A recent article by GQ writer Daniel Noah Nalpern examined a troubling study showing that sperm counts of men in the United States, Europe, Australia and New Zealand have fallen by more than 50% over the last 40 years — basically rendering the current generation of men half as fertile as the generation of men who preceded us. If this trend of lower sperm count continues, the world could well be full of infertile men by 2060.
The good news? At least there’s a clear cause: chemicals found in plastics. The bad news? These chemicals are pretty much in everything we ingest — even in food and sex toys.
Nalpern writes that the study “was a meta-analysis by a team of epidemiologists, clinicians and researchers that culled data from 185 studies, which examined semen from almost 43,000 men.” The study showed sperm counts reduced from “99 million sperm per milliliter of semen in 1973 to 47 million per milliliter in 2011” with the trend accelerating in later years.
The study’s lead author, Hagai Levine, confirmed that men are producing less semen and semen with fewer sperm cells.

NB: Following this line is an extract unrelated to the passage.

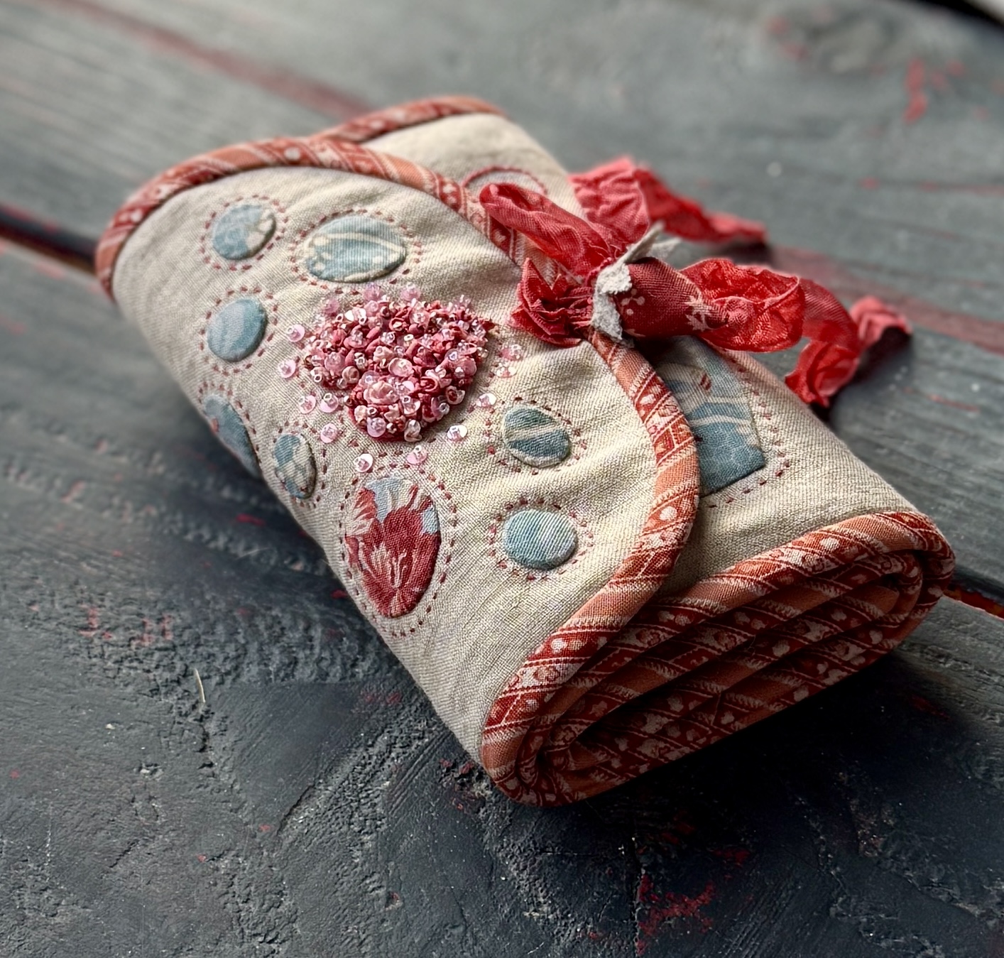 Create a classic, functional Hussif (also known as a Sewing Roll or Housewife) with this detailed PDF pattern and step-by-step video workshop! Designed for stitchers of all levels, this sewing roll keeps your favorite tools beautifully organized with pockets, flaps, and thoughtful details.

Lower sperm count has also coincided with declining testosterone levels in men and a shorter anogenital distance (AGD) — that is, the distance between men’s anuses and their genitals. Whether combined or alone, these are typically indicators for other health issues in men such as cancer, diabetes, cardiovascular disease and decreased penis size.

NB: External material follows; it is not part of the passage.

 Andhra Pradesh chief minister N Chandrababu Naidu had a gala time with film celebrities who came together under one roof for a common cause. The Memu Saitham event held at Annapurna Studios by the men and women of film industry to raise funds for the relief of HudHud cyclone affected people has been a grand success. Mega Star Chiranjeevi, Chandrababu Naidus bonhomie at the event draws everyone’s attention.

When Nalpern interviewed other experts in human reproduction, they largely agreed that men become infertile while still developing in the womb because of mothers ingesting “endocrine disruptors,” a fancy biological word for anything that affects hormones. These disruptors also affect estrogen and testosterone, the hormones associated with sexual development.
The main source of endocrine disruptors affecting male fertility come from plastics. Apparently the same chemicals that soften and harden plastics also result in infertile men. One study showed the higher amounts of plastics-related endochrine disruptors a woman had in her urine, the greater likelihood her son would have low sperm counts, low testosterone and a low AGD.
What’s worse, these plastic-related chemicals are in pretty much everything we eat, drink and use on a daily basis: water bottles, food packaging, pharmaceuticals, fruits, yogurts, lube and sex toys. Even if you stop using these products now, they can still alter your genetic code so that your offspring could have a lower sperm count.
Basically, the only way to reverse this trend would be for all of society to stop using plastics, but that’s probably not going to happen seeing as big plastics manufacturers refute any studies suggesting their products are harmful, Nalpern says.
If infertile men become unable to impregnate women — kind of like what happens in the 2006 sci-fi drama Children of Men — we’re screwed as a species. Our only hope, Nalpern concludes, is reproductive technology that would allow scientists to make artificial sperm out of embryonic stem cells, a costly procedure that would ensure that only the rich have children.
What do you think of this study on lower sperm count? Is our future full of infertile men?